Sensitivity of UK butterflies to local climatic extremes: which life stages are most at risk?
1. There is growing recognition as to the importance of extreme climatic events (ECEs) in determining changes in species populations. In fact, it is often the extent of climate variability that determines a population's ability to persist at a given site. 2. This study examined the impact of ECEs on the resident UK butterfly species (n = 41) over a 37-year period. The study investigated the sensitivity of butterflies to four extremes (drought, extreme precipitation, extreme heat and extreme cold), identified at the site level, across each species' life stages.
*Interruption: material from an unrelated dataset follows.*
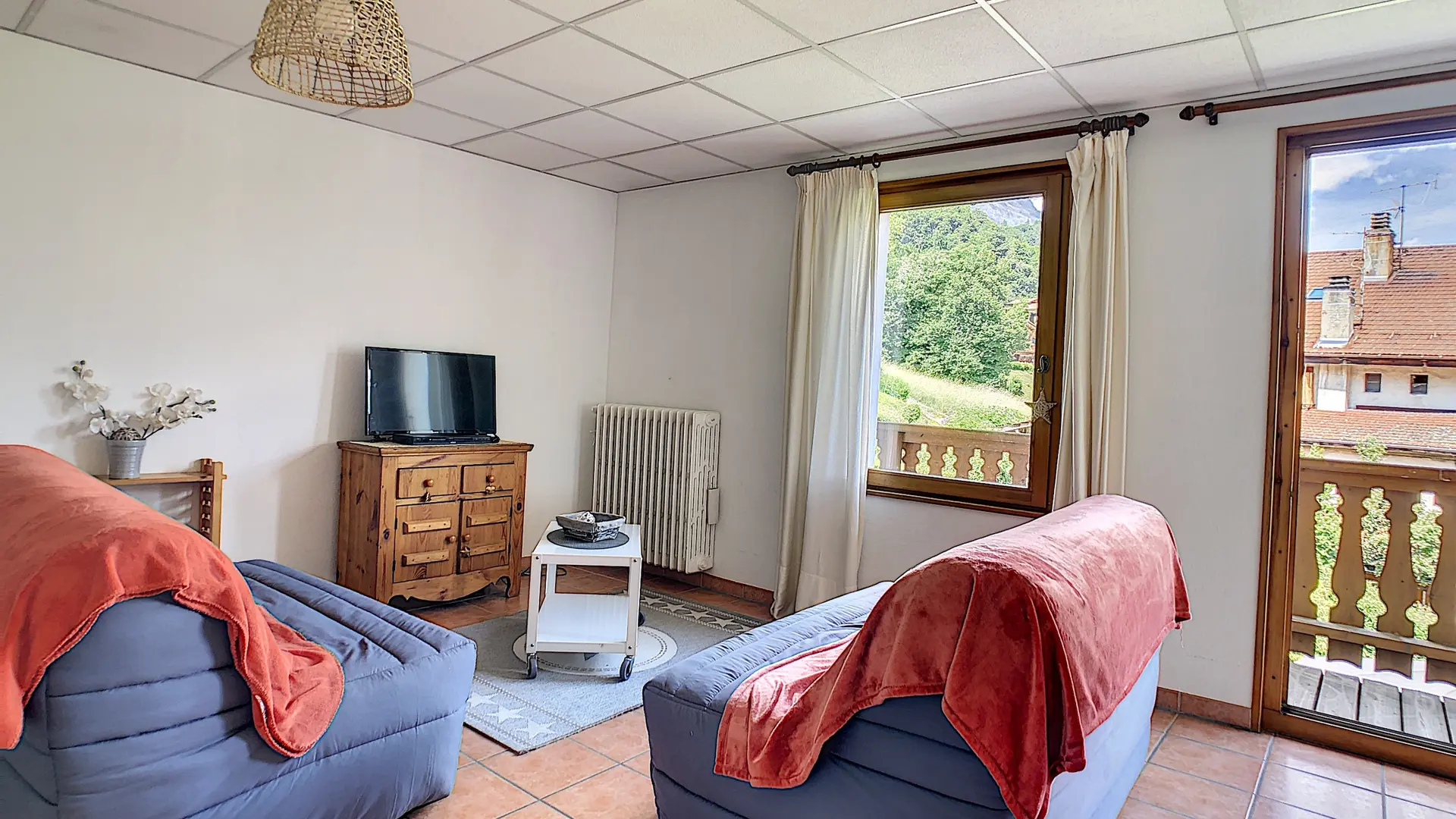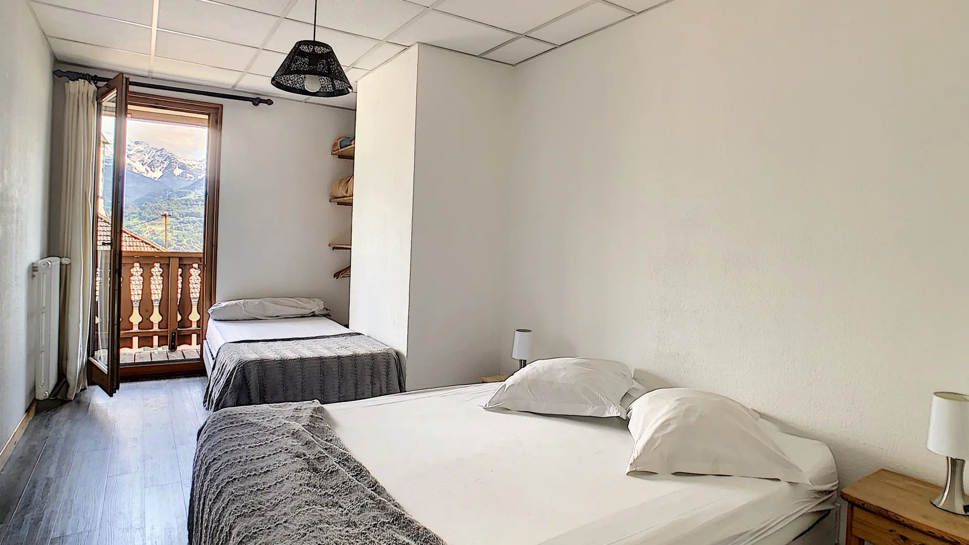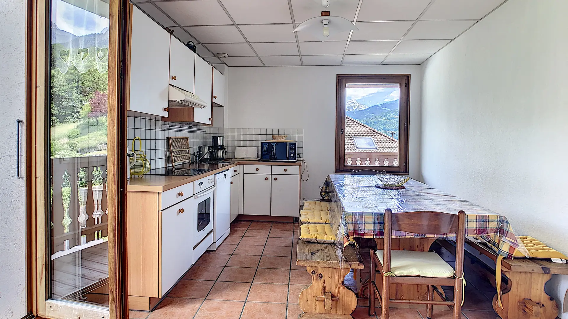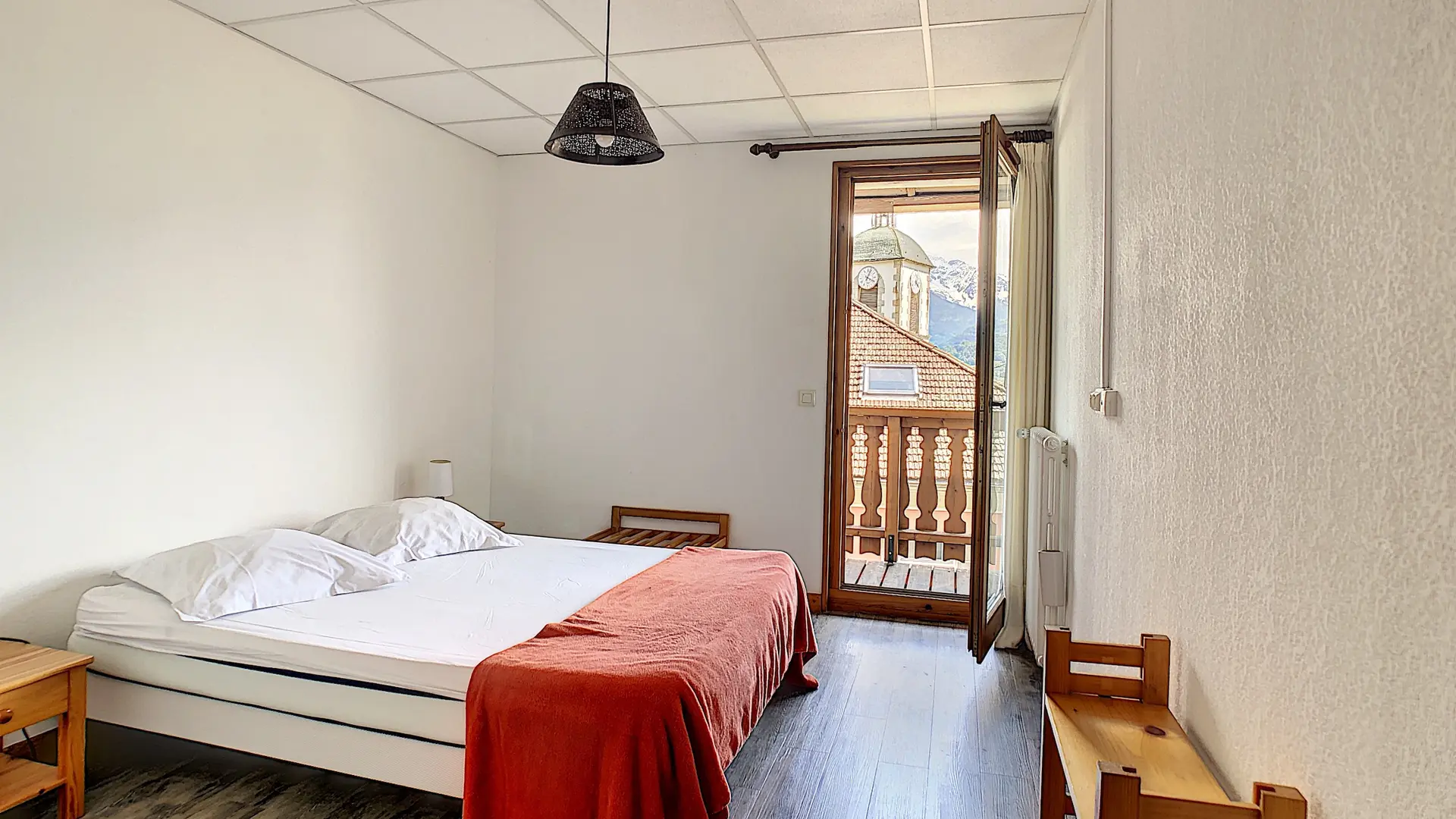 Cet appartement vous offrira une vue sur le Mont-Blanc et les montagnes alentours avec son accès au balcon.

Variations in the vulnerability of butterflies at the site level were also compared based on three life-history traits (voltinism, habitat requirement and range). 3. This is the first study to examine the effects of ECEs at the site level across all life stages of a butterfly, identifying sensitive life stages and unravelling the role life-history traits play in species sensitivity to ECEs. 4. Butterfly population changes were found to be primarily driven by temperature extremes. Extreme heat was detrimental during overwintering periods and beneficial during adult periods and extreme cold had opposite impacts on both of these life stages. Previously undocumented detrimental effects were identified for extreme precipitation during the pupal life stage for univoltine species. Generalists were found to have significantly more negative associations with ECEs than specialists. 5. With future projections of warmer, wetter winters and more severe weather events, UK butterflies could come under severe pressure given the findings of this study.